Poison ivy can cause a painful rash to appear on your skin if you come in contact with the toxic resin that is present on each part of the plant. You can successfully eliminate poison ivy from your lawn if the proper steps are taken.
Use The Following Items
- rubber gloves
- protective goggles
- long pants
- long sleeved shirt
- trash bags
- pruning shears
- small shovel
- plastic sheeting
- mild detergent
- water hose
- grass seed
Locate The Poison Ivy
Learning how to identify poison ivy will ensure that you remove all of it in the following steps. Poison ivy mostly grows as a vine, but can also grow as a small bush in some locations. The plant always contains groups of three leaves. The leaves can be pointed, curved, or jagged. Small, green berries grow on the poison ivy plant during the spring and summer. In the fall, the berries turn a yellowish color. If you are uncertain if a particular plant in your yard is poison ivy, view some pictures of poison ivy in a book or online.
Remove The Plants
Wear goggles, rubber gloves, long pants, and a long sleeved shirt before attempting to remove the poison ivy. Covering as much skin as possible will minimize the chance of touching one of the plants. If only a small number of poison ivy plants are in your yard, you might want to try digging them up by the roots. Use a garden shovel to do this. Dig down several inches, next to the base of each plant. Loosen the soil. Grasp each plant by the stem and pull upwards. Place the plants in a trash bag.

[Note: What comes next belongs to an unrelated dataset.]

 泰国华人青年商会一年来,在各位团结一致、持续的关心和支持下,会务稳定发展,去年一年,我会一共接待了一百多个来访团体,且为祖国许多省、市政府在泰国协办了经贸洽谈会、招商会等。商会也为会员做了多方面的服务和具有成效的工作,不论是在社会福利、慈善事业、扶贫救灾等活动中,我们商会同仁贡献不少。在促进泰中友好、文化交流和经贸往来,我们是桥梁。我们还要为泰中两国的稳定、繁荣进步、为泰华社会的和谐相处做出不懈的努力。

If a large amount of poison ivy plants are in your yard and they are growing closely together, digging each one up by hand may be time consuming and something that you do not want to attempt. Instead, cut the lowest part of each plant's stem with a pair of pruning shears. Place the parts that you have cut off into a trash bag.
Use A Herbicide
Protect the grass and plants that are located next to the stems that remain by covering them with plastic sheeting. Spray the stems with herbicide. The herbicide will enter the stems and work its way downwards, destroying the roots. Within a day or two, the stems will be wilted and you can easily pull the roots out without having to dig. Make sure that you cover your skin during this process because poison in the stems and roots is still present.

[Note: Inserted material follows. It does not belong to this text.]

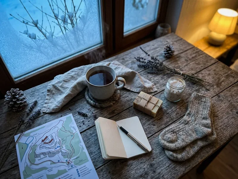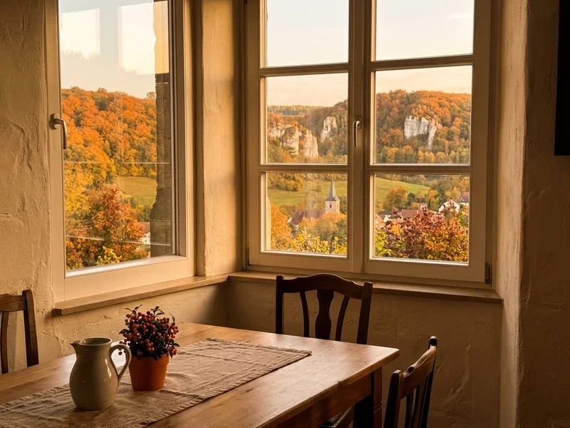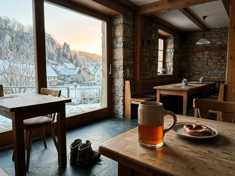 Mittags ein Brauereigasthof mit Schäuferla und Kellerbier — die Schäuferla, geschmortes Schweineschulterstück mit knuspriger Kruste, ist die Signatur-Speise der Region. Am Nachmittag eine kurze Wanderung zu einem der Aussichtspunkte, am späten Nachmittag in die Sauna. Wenn dein Hotel eine Außenterrasse Richtung Tal hat, ist das der Moment, an den du dich erinnern wirst.
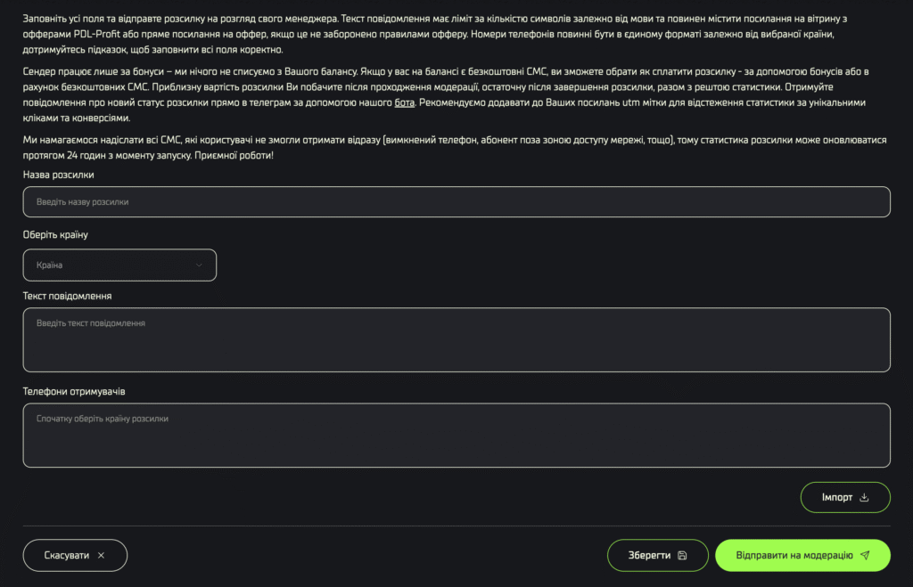 Для швидкої та ефективної роботи з вашою базою номерів використовуйте інструмент SMS Sender всередині партнерки PDL-Profit. Це дуже зручно, вам не треба реєструватися в додаткових сервісах, проходити онбординги, тощо. Отже, як запустити розсилку:

Throw the remains of each poison ivy plant, the plastic sheeting, and rubber gloves into a trash bag. Tie each bag tightly. Place the bags in an outdoor receptacle until it is time for your trash to be picked up.

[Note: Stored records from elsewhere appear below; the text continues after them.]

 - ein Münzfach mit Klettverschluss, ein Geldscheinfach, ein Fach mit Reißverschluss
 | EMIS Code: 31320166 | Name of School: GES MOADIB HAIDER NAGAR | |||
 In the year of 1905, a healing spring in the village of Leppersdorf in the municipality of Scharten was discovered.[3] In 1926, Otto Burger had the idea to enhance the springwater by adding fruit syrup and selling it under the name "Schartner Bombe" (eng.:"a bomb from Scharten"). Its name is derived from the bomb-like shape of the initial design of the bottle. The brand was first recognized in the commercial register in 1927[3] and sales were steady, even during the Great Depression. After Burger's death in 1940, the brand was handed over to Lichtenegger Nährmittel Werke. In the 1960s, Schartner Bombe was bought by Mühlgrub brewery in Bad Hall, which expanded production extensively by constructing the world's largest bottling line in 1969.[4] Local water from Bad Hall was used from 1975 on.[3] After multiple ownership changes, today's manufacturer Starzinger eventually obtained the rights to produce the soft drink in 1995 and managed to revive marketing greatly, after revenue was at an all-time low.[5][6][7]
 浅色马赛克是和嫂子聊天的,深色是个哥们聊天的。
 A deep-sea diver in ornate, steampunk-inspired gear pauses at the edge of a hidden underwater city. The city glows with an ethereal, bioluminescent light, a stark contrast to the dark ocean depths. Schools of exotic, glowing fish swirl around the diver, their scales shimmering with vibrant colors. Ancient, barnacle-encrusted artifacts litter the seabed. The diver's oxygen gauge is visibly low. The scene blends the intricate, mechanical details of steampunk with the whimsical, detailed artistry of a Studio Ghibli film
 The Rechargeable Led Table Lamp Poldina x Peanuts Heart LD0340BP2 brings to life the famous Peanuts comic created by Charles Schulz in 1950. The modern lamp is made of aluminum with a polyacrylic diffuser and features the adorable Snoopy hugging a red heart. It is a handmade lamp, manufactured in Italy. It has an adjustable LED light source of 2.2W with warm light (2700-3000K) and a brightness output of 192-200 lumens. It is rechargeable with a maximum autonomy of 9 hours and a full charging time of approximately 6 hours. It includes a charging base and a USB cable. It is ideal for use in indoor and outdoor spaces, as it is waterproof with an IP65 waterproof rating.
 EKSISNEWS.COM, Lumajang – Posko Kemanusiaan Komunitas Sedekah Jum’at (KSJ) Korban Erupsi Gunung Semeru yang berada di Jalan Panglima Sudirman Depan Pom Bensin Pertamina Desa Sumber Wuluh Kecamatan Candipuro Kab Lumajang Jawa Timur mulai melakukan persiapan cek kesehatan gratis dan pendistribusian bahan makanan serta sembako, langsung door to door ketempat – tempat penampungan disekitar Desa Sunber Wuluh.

Disinfect Your Tools And Clothes
After being exposed to poison ivy, your clothes and tools will need to be disinfected so that the poison from the plants is not spread. Place your clothes in your washing machine and wash them with detergent and hot water. Put the pruning shears, protective goggles, and small shovel in a bucket that is filled with warm, soapy water and a cup of bleach. Let them soak for several minutes before removing them. Rinse each item off with a water hose and dry them all with a towel.
Plant Grass Seed
Sprinkle grass seed liberally over bare patches in your yard where the poison ivy used to be. Water your lawn a couple times each day until new grass begins to grow. Continue to water your lawn when the weather conditions are dry. Enjoy spending time outside in your yard without worrying about being exposed to poisonous plants any longer.